Via Workers World News Service
Reprinted from the Nov. 21, 1996 issue of Workers World newspaper


Record number of deportations

By Shannon Spence, in Workers World,
21 November, 1996

The United States Immigration and Naturalization Service reported in late October that it has deported 67,000 undocumented workers in fiscal year 1996. That's a 34- percent increase over 1995.

In California, deportations of undocumented workers jumped nearly 50 percent--to 30,000--during this same period.

This dramatic increase in deportations is a direct result of a campaign of increased repression being carried out by the INS under the leadership of the recently reelected President Bill Clinton and the Republican-led Congress. It coincides with a right-wing campaign that falsely blames immigrants for many ills--from unemployment to school overcrowding--that are actually the fault of capitalism.

On Sept. 30 Congress passed a new immigration bill. Clinton quickly signed it. The law provides for deploying 1,200 more armed border patrol officers and hiring 900 more INS investigators with broader deportation powers.

It also denies all federally funded public-assistance programs to undocumented people, whom the law calls "illegal immigrants."

In addition, the recently passed attack on the poor known as the Welfare Reform Act threatens to deny many forms of federal assistance to legal resident immigrants. Undocumented people are already denied these services.

The key precursor to these racist and unjust laws was Proposition 187, passed in California in 1994 and now on hold pending a court decision. Proposition 187 denies education and health care to undocumented workers.

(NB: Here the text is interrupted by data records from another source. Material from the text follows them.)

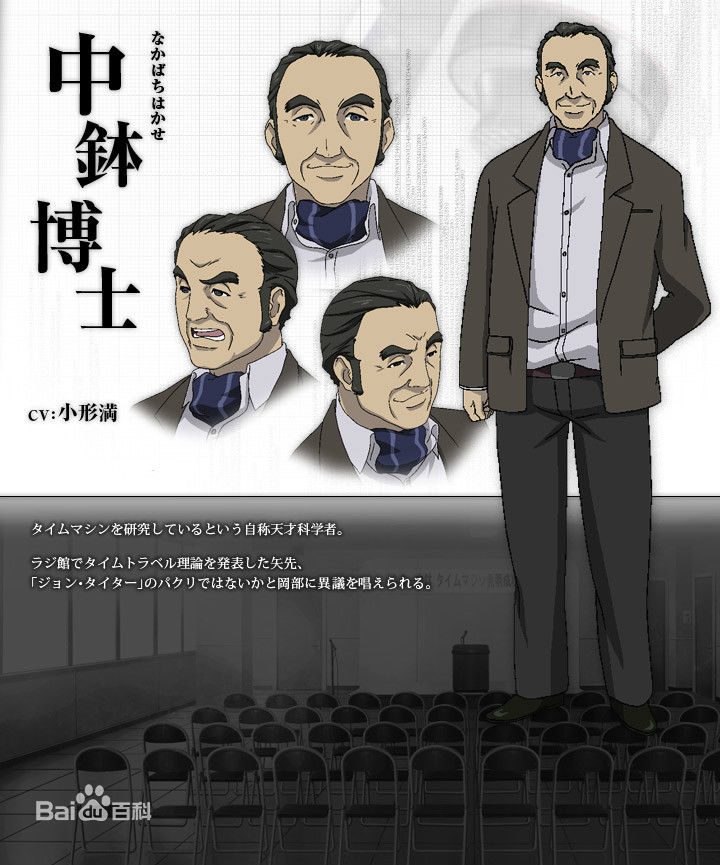 職業(yè)是科學家,牧瀨紅莉棲的父親。自稱獲得多項專利、授予諾貝爾獎的物理學家。同時也是牧瀬紅莉棲的父親。從前與紅莉棲非常親近,但因為強烈的自尊心無法接受成就超越自己的女兒而逐漸遠離紅莉棲,最後甚至被學術(shù)界除名。是紅莉棲遭刺殺案件的相關(guān)人物,從案發(fā)現(xiàn)場奪取了紅莉棲寫的有關(guān)「時間機器理論」的論文,并打算搭機到俄羅斯尋求贊助,原本該班客機會因為貨倉失事而使得中缽搶奪的紅莉棲寫的有關(guān)「時間機器理論」的論文燒毀,但卻因為先前紅莉棲無意中撿了真由里掉落的金屬烏帕放進了論文的袋子中,使得中缽在機場被金屬探測器攔了下來,帶上了飛機而順利的保存了下來。中缽以自己的名義發(fā)表了「時間機器理論」的論文,造成了β世界線中各國爭奪時間機器而釀成的第三次世界大戰(zhàn)。
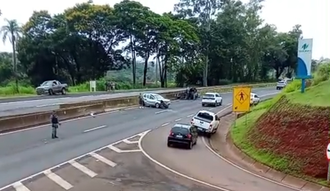 Três pessoas ficaram feridas após uma colisão entre três automóveis registrada na manhã deste sábado (13), no km 237 da BR-376, trecho do Contorno Sul
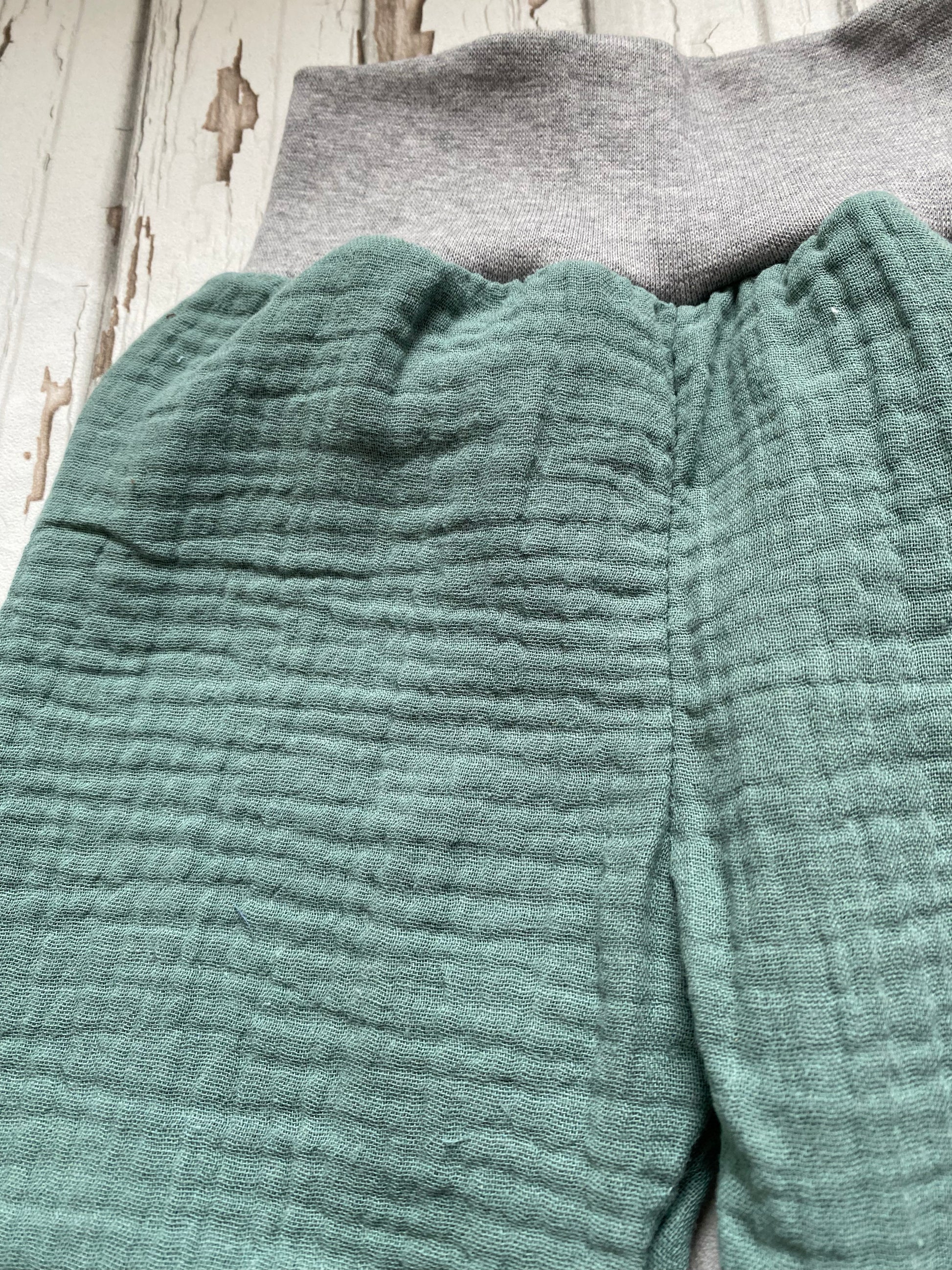 Die Hose ist schön weit. Am Bauch schließt ein elastisches Bündchen ab, der Bund ist angenehm breit und so elastisch, dass nichts einschneidet. Falls das Bündchen zu locker sein sollte, ist eine kleine Öffnung, sodass du einfach ein Gummiband einziehen kannst. Die Hosenbeine schließen ebenfalls mit Bündchen ab, sodass der Stoff nicht über die Schuhe/ Füße rutschen kann.
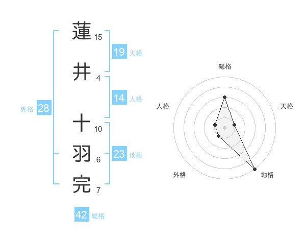 蓮井 十羽完さんを姓名の画数から五運を鑑定
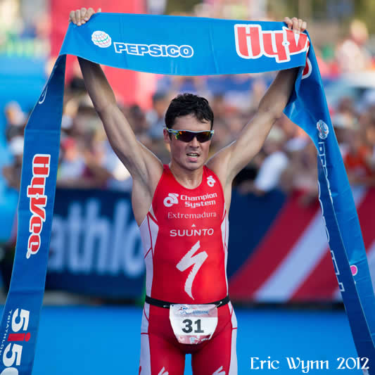Gomez, who decided that a catered speed workout with a $100,000 payday was just the thing to prepare for the ITU World Triathlon Series title showdown two weeks from now in London, combined a race-best 17:17 swim, a 14th-fastest non-drafting bike split and a dominating 30:30 10k run to finish in a race-record 1:45:57 time. Four-time Olympian Hunter Kemper repeated his 2nd place Hy-Vee finish behind Gomez last year with a swim that surrendered 23 seconds to Gomez, a T1 that gained 14 seconds back, a bike split that was 1:11 faster than Gomez and a 2nd-fastest 31:47 10k run that surrendered the lead with 2 miles to go and left him 12 seconds behind Gomez and $80,000 less prize money at the line. Greg Bennett, who won this race in 2011 and finished 3rd last year, seems to have lost little if any of his short course swim and bike speed at age 41 as he won $15,000 and finished 3rd, 1:01 behind Kemper. If Bennett has lost any of his powers, it was his run as his 8th-fastest 32:57 10k dropped him from a virtual tie for 1st off the bike to the final spot on the podium.
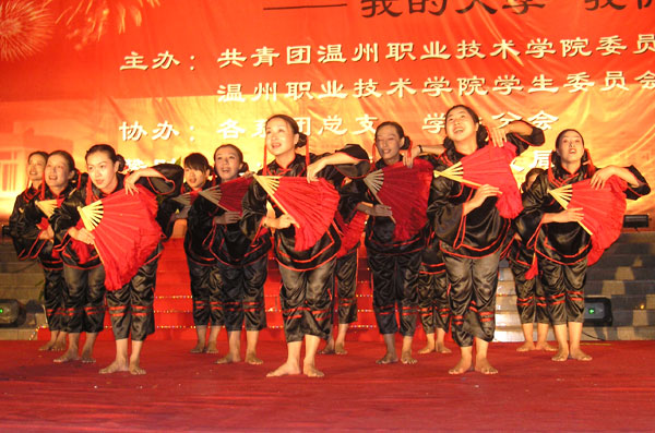 9月27日晚,2004年温州职业技术学院“迎新生·庆国庆”大型文艺晚会在图书信息大楼广场前隆重举行。为入学新生举办专场文艺晚会是我院由来已久的优良传统。本次迎新晚会由我院团委、学生会主办,赞助单位是温州电信茶山支局。
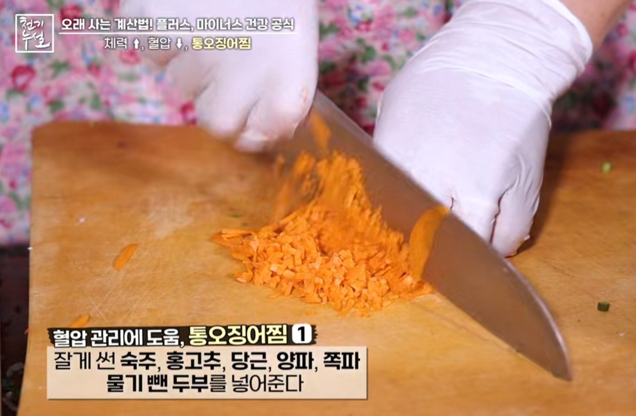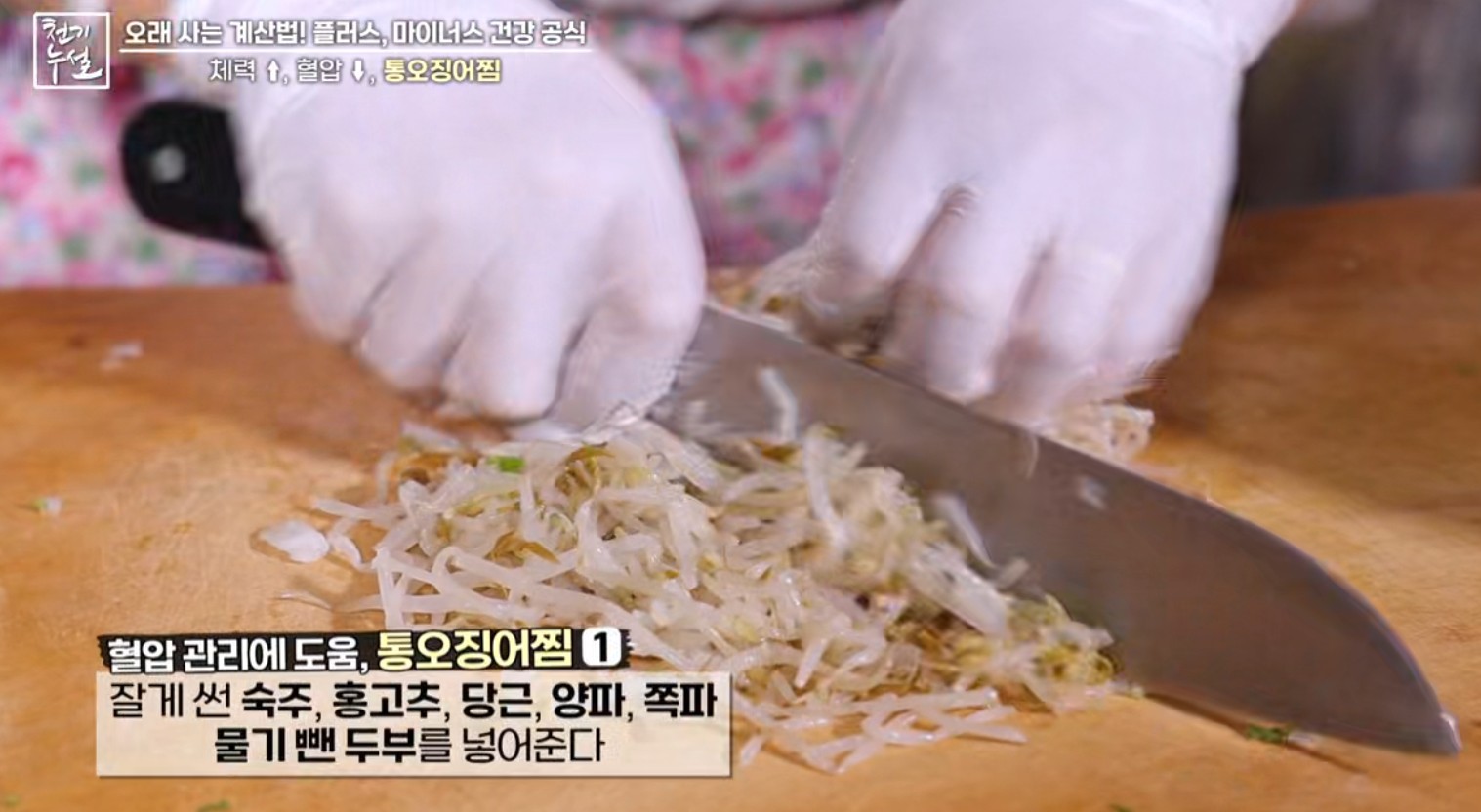 • 오징어(몸통·다리), 숙주, 홍고추, 당근, 양파, 쪽파, 두부(물기 제거)
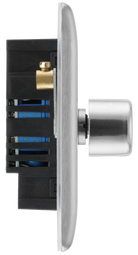 The NBS83 is a 3G dimmer switch from the BG Nexus Metal range, finished in brushed steel. This range of switches and sockets has been designed with a modern, slim profile and has a lightly lacquered surface to reduce fingerprint marks. The BG Nexus Metal range of switches and sockets comes with colour coded screws and has a full grid system to match.
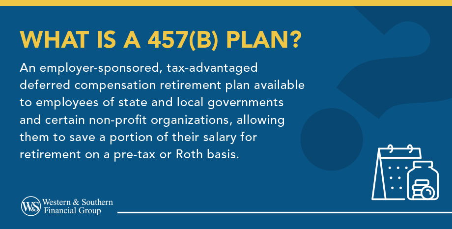 - 457(b) plan is a tax-advantaged retirement plan for government and certain nonprofit employees, allowing pre-tax or Roth after-tax salary deferrals.
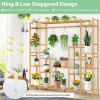 9-Tier Bamboo Plant Stand 2-In-1 High-Low Potted Plant Holder Shelf with Hanging Rack
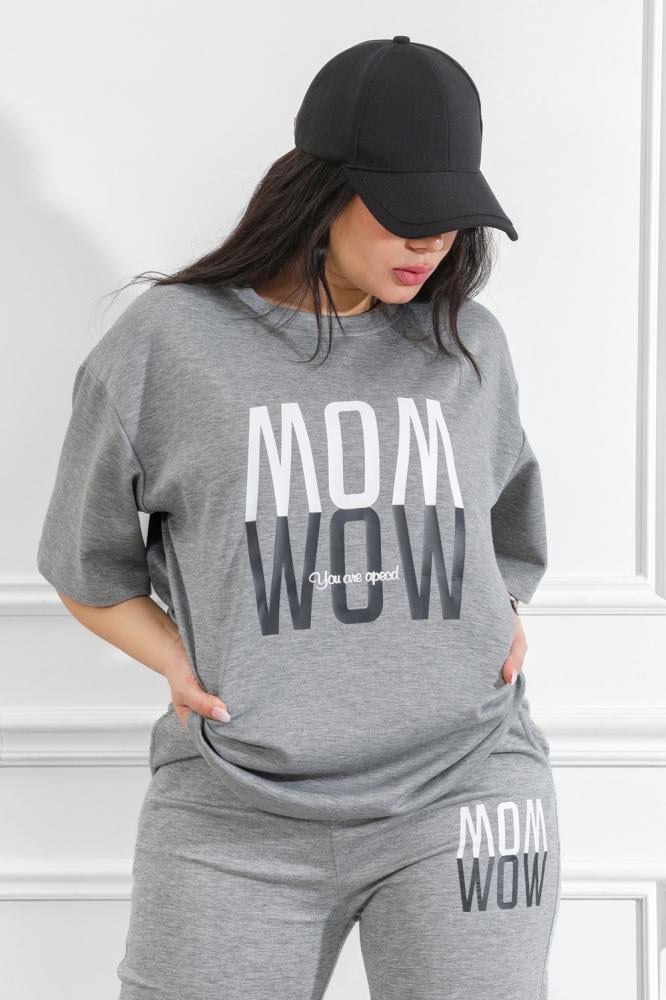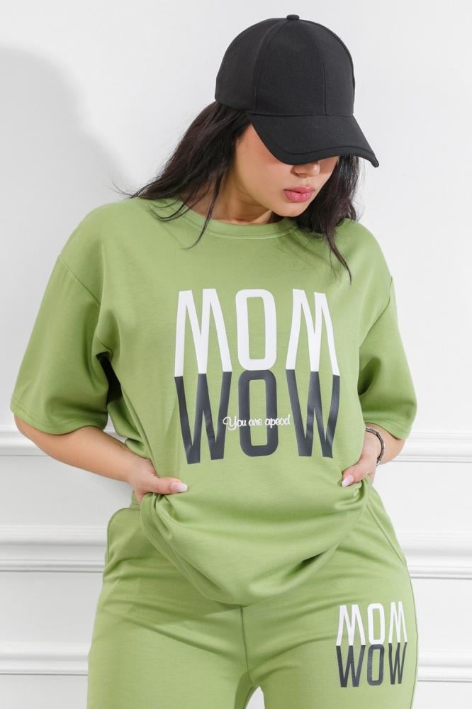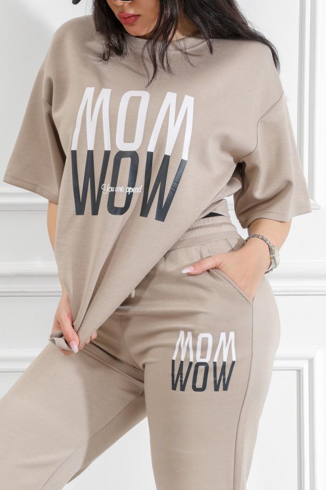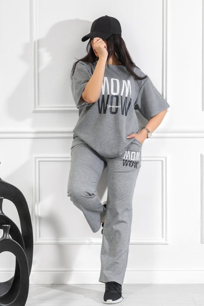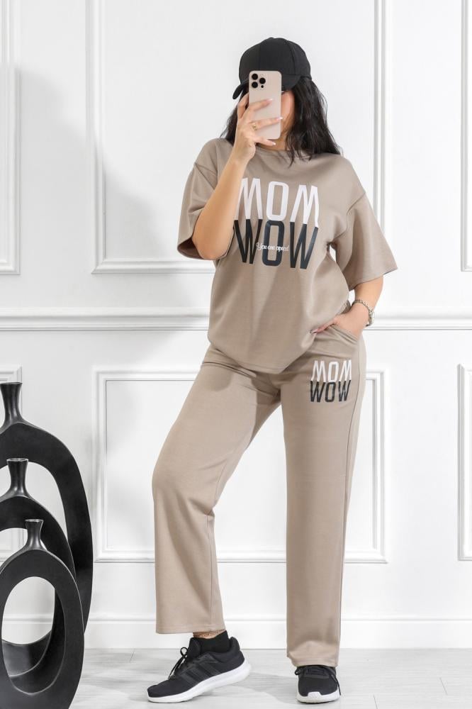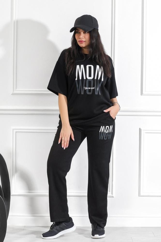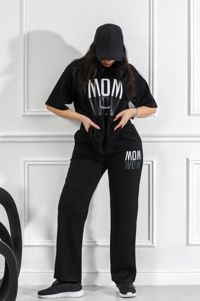 - تيشيرت وسروال مطبوع عليهما كلمتا "MOM" و"WOW" باللون الأسود على خلفية وردية ناعمة، مما يُعطي هويةً فريدةً ورسالةً مرحة.

In answer to such stepped-up assaults, the immigrant communities, led by Latino immigrants, have been organizing. On Oct. 12, a nationwide protest took place in Washington. Tens of thousands of immigrants, mostly Latinos, marched and rallied for immigrant and civil rights.

This movement is reaching out to all U.S. workers by showing how dangerous it is to be divided on the basis of "legal" and "illegal" and by putting forward demands such as free public education from kindergarten through university and expanded health services.